§ **EXERCISE GOAL**:
Nothing but the lines from the start of the data through the line with "解析:对于美国消费者来说,通" should appear in the answer, each retyped exactly, and pictures should not.

*** Opening DATASET EXTRACT ***

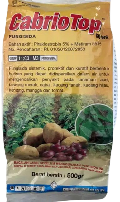 Bahan aktif pada fungisida Cabrio Top merupakan Piraklostrobin 5 % serta Metiram 55 %, yang efektif untuk memberantas penyakit tanaman cabai.
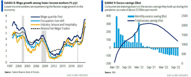 解析:对于美国消费者来说,通货膨胀和劳动力市场正在进行一场拉锯战。食品和能源通胀对低收入家庭来说尤其具有挑战性,他们收入的很大一部分得用于生活必需品的消费,他们同时也经历着强劲的就业增长和最快的工资通胀,这抵消了通胀带来的一些痛苦,并使消费者支出保持相对弹性。
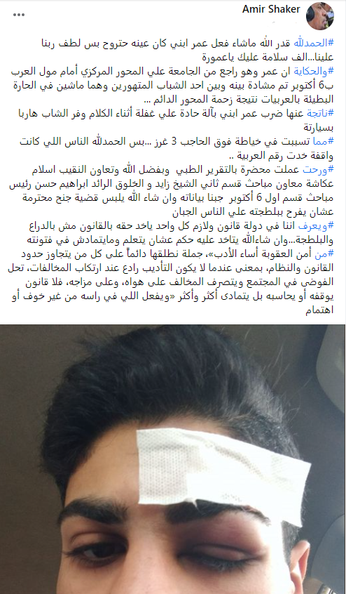 وكتب أمير شاكر منشورًا، عبر حسابه الشخصي بموقع التواصل الاجتماعي فيسبوك، قال فيه: الحمد لله قدر الله ما شاء فعل، عمر ابني كان عينه هتروح بس لطف ربنا علينا، ألف سلامة عليك يا عمورة، الحكاية أن عمر وهو راجع من الجامعة على المحور المركزي أمام مول العرب بـ 6 أكتوبر، تم مشادة بينه وبين أحد الشباب المتهورين، وهما ماشين في الحارة البطيئة بالعربيات، نتيجة زحمة المحور الدائم.
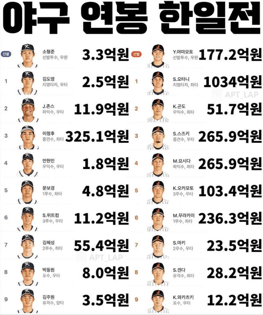 WBC 한국vs일본 선수들 연봉 비교

*** Closing DATASET EXTRACT ***

§ **SOLUTION TO THE PROBLEM**:
 Bahan aktif pada fungisida Cabrio Top merupakan Piraklostrobin 5 % serta Metiram 55 %, yang efektif untuk memberantas penyakit tanaman cabai.
 解析:对于美国消费者来说,通货膨胀和劳动力市场正在进行一场拉锯战。食品和能源通胀对低收入家庭来说尤其具有挑战性,他们收入的很大一部分得用于生活必需品的消费,他们同时也经历着强劲的就业增长和最快的工资通胀,这抵消了通胀带来的一些痛苦,并使消费者支出保持相对弹性。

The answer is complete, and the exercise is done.